Get behind him

Pub date January 21, 2009
SectionFilm FeaturesSectionFilm Review

› johnny@sfbg.com

Oscar season is upon us. Amid sniping text messages from best actor contenders, I’d like to advance the idea that cinema’s most compelling and perhaps revelatory male stars of cinema in recent years aren’t even thespians. They can be athletes, such as Zinedine Zidane, whose day’s work on the soccer field assumes mythic properties in Douglas Gordon’s 2006 Zidane: A 21st Century Portrait. More often, they are musicians. Think of Arthur Russell and Townes Van Zandt, tender ghosts who float through documentaries by Matt Wolf and Margaret Browne. Or the very-much-alive yet enigmatic subject of Stephen Kijak’s Scott Walker: 30 Century Man, a pop star, lyricist, and composer who was made to be a movie star — though one with, in the words of an observer, "Garboesque leanings toward seclusion."

Foreboding yet luminous in a manner that any film composer might envy, the first minutes of the songs "Big Louise" and "It’s Raining Today" are all it takes to prove that the chief glory of 30 Century Man is the lavish setting that it affords Walker’s recordings. Both the grand orchestration and vocal gestures of his late 1960s solo albums and the dark passages and shock tactics of his more recent ones — Tilt (Fontana, 1995) and The Drift (4AD, 2006) — are born again as they bloom and boom through a movie theater sound system. This music is truly majestic. The digital effects that Kijak sometimes uses to illustrate its sound can be cheesy, but another of his gambits hits paydirt. Instead of presenting David Bowie, Brian Eno, and a host of other figures as simple talking heads, he films their responses as they listen to Walker’s music.
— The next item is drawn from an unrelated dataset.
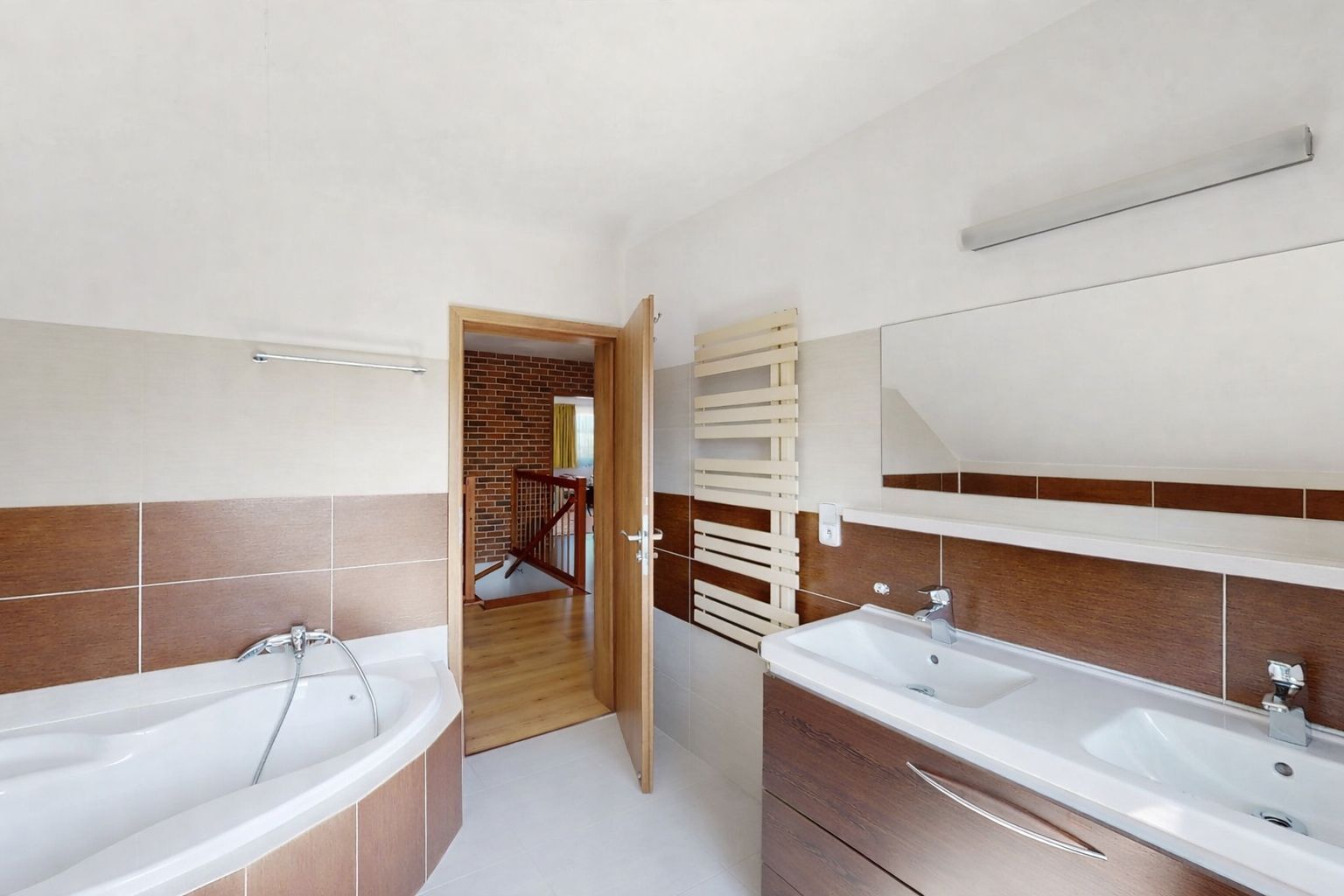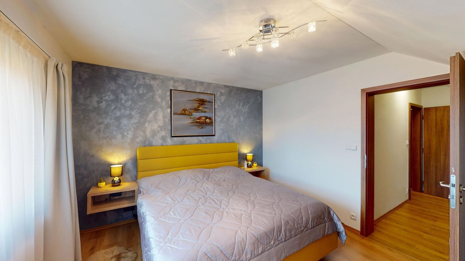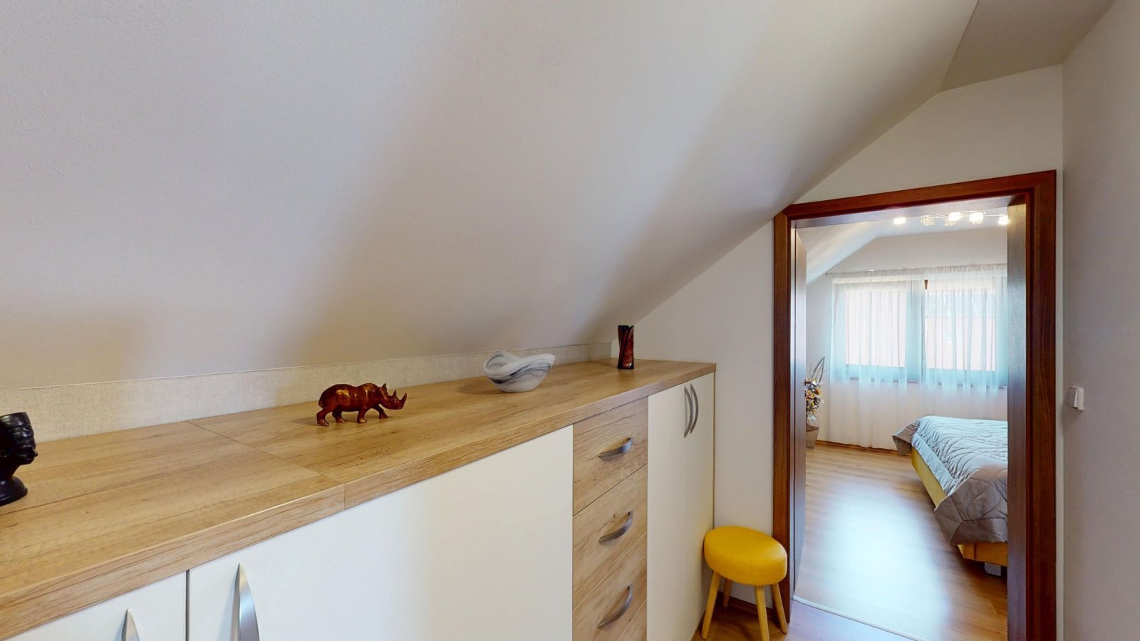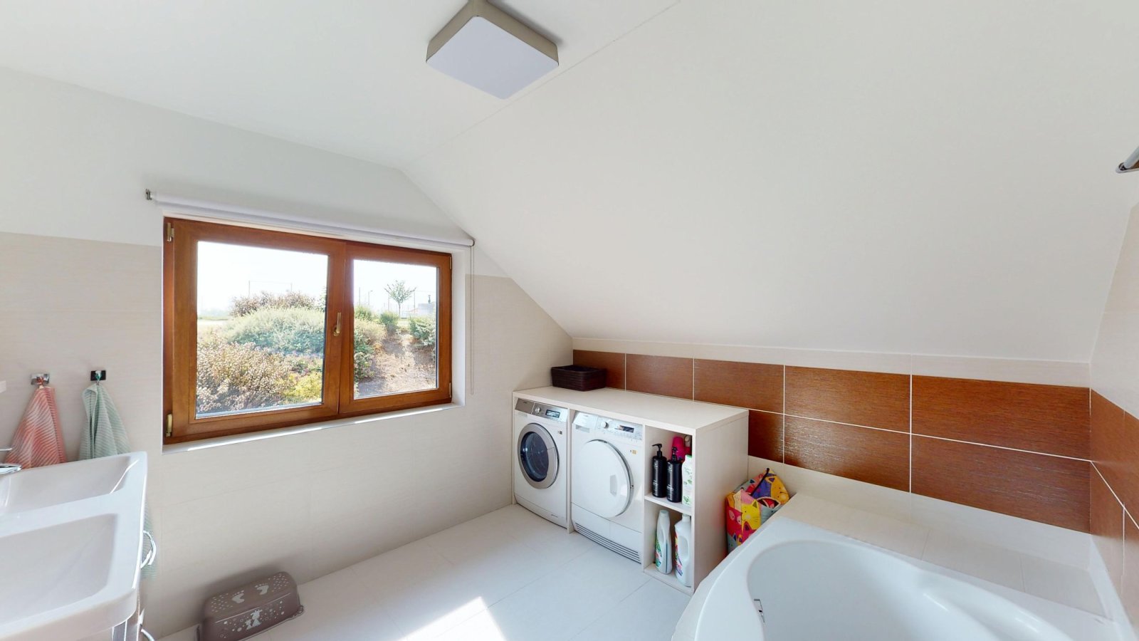 V patře se nacházejí čtyři samostatné pokoje, šatna a koupelna

This listening party effect is intoxicating, and it triggers improvised, as opposed to rehearsed, insights.

Time stood still yesterday in the music Walker made with arranger Wally Stott (now Angela Morley, and one of the film’s most likable commentators), and it stands still today when 30 Century Man languishes in the songs from Walker’s quartet of self-titled Philips solo albums from 1967 through 1970. A welcome sense of ambiguity thrives throughout Kijak’s movie. Executive producer Bowie shares a back story about a competitive bond he felt he had with Walker, even if Walker wasn’t aware of it — namely, that one of Walker’s girlfriends never got over her love of Walker’s music, even as she was dating Bowie. The anecdote is a perfect illustration of the homo-social electricity that charges so much popular music, and Kijak is wise enough to let the inference speak for itself.
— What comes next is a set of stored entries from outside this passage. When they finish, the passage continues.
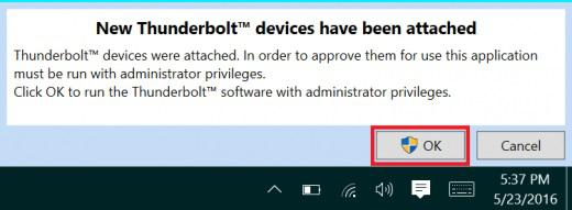 When first connecting a Thunderbolt 3 device to a Windows system, the device must first be authenticated through Intel’s Thunderbolt 3 software. After connecting a Thunderbolt 3 device the first thing that you should see (assuming that the system NVM, UEFI BIOS, drivers, etc are up to date and compatible) is an automatic notification above the system tray notifying you that a new device has been attached. You will want to click OK:
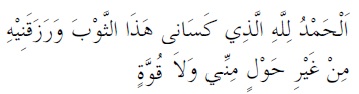 “Segala puji bagi Allah yang telah menutupi aku dengan pakaian ini dan mengaruniakannya kepadaku tanpa daya dan kekuatan dariku.” (HR. Abu Daud dan dinilai hasan oleh Al-Albani).
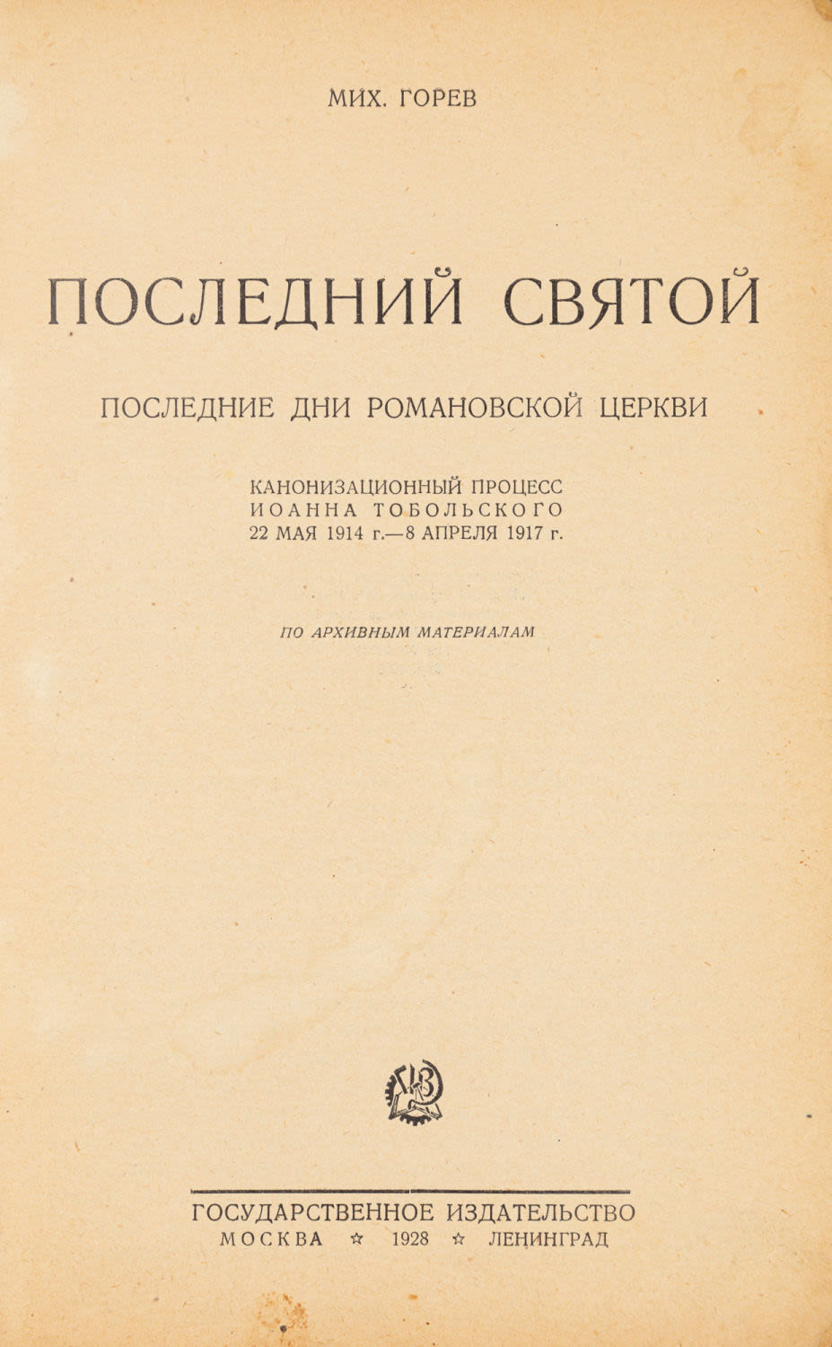 Канонизационный процесс Иоанна Тобольского 22 мая 1914 г. — 8 апреля 1917 г. М.; Л.: Государственное изд-во, 1928. — 280 с.: факс.; 23х15 см.

30 Century Man is unique simply for its on-camera interview and studio footage of Walker, who has spent more than a decade on a single album and gone 30 years between live performances. As a leading man, he’s conflicted. He may be a notorious film buff who is fond of Victor Erice and collaborated with Leos Carax, but the physical efforts on his part to cultivate an iconic mystique — hats and sunglasses, for example — come across as almost comic signifiers of a genuine unease about being on-camera. At the beginning of one of the film’s interviews, he jokingly refers to McCarthy-era forms of interrogation, and only truly loosens up past the point of obvious self-consciousness when he’s enmeshed in recording a song. Instead of a full-blown eccentric, Kijak’s movie puts forth a vision of a guy who’d simply rather make art than play the fame game. Of course, in Walker’s case, that art now involves using slabs of meat as rhythmic instruments — and instead of writing for the charts, he’s singing about Pasolini and Mussolini.

SCOTT WALKER: 30 CENTURY MAN opens Fri/23 in Bay Area theaters.